The interactions between endogenous retroviruses (ERVs) and major histocompatibility complex molecules may significantly influence autoimmune diseases due to their common roles in the evolution and development of the adaptive immune system. Notably, regions within the Gag antigens of a specific group of ERVs, similar to murine leukemia retroviruses, exhibit patterns of sequence conservation, variation, and mutation. One highly conserved peptide of Gag, p5-13 (VTTPLSLTL), binds with high affinity to a nonclassic major histocompatibility complex molecule, Qa-1, and is preferentially recognized by T cells enriched in the pancreas of nonobese diabetic (NOD) mice, which spontaneously develop autoimmune type 1 diabetes.

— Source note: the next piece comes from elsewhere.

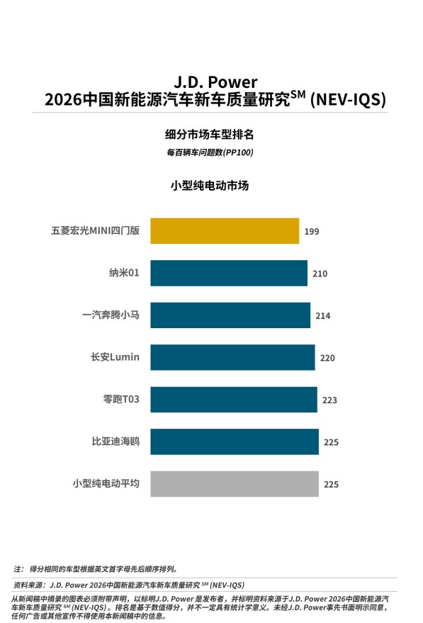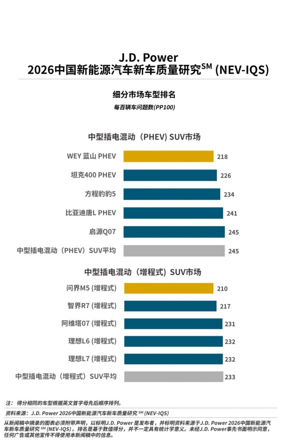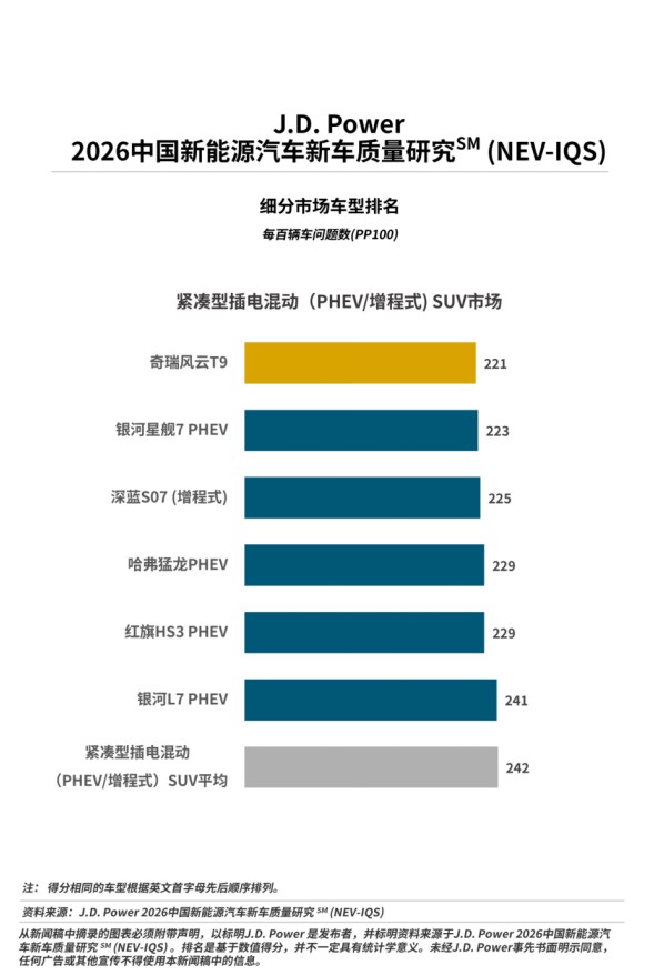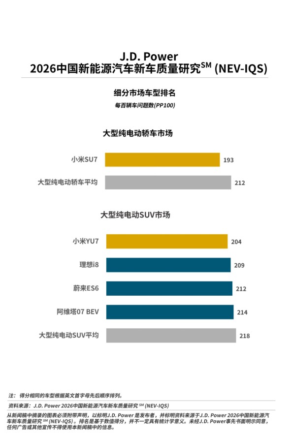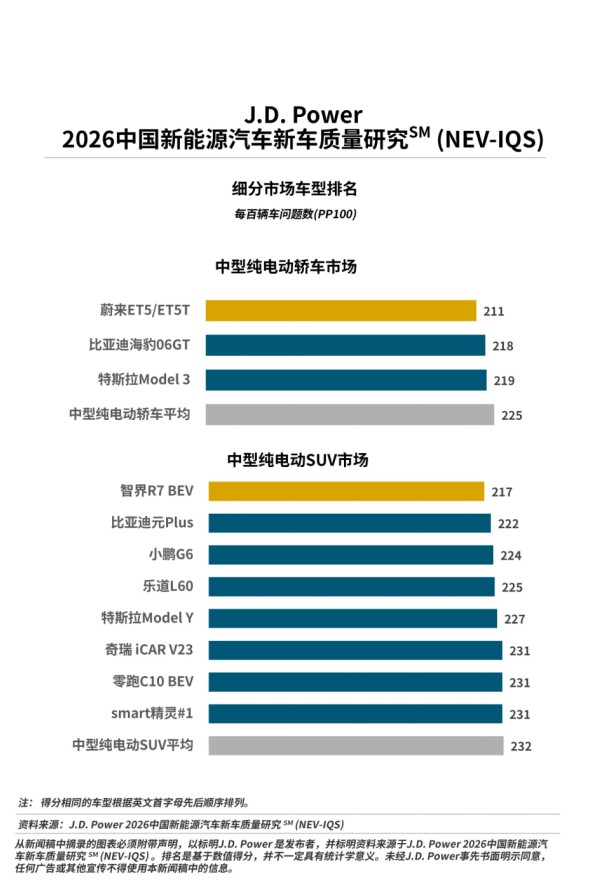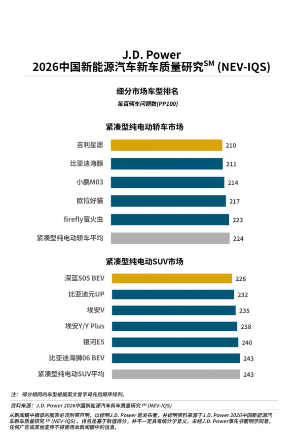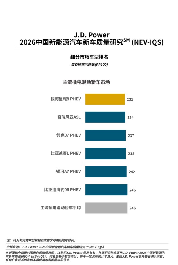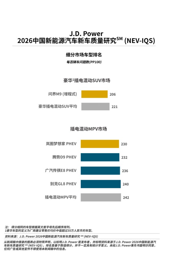 2026年4月2日,上海 — 全球领先的消费者洞察与市场研究机构J.D. Power|君迪 今日正式发布2026中国新能源汽车新车质量研究SM(NEV-IQS),是J.D. Power连续第八年在中国发布这一研究,该研究基于J.D. Power行业通用的新车质量研究IQS体系,并针对新能源车特有问题进行补充,该研究统计和衡量了新能源汽车新车车主在2至6个月的拥车期内遇到的质量问题。新车质量以平均每百辆车问题数(PP100)表达,问题数越低,质量越好。

Interestingly, deep sequencing analysis of the Gag genes expressed in NOD mice has revealed numerous mutations flanking the conserved Qa-1-binding sequences. This includes 1 epitope, p310-328, which contains both conserved and mutated residues that can elicit autoreactive T cells in NOD mice. A specific residue, D316, within this epitope accumulates multiple mutations as the disease progresses, leading to a reduction in the consensus score in sequence alignment at this position during the later stages of prediabetes. Consistently, the substitution of the D316 residue with a dominant mutant, G316, enhances the antigenicity of this epitope, stimulating autoreactive T cells in prediabetic NOD mice to release interferon-γ . Thus, sequence variants of ERV Gag antigens encode overlapping conserved and highly mutated epitopes that can be recognized by T cells and utilized for biomarker discovery.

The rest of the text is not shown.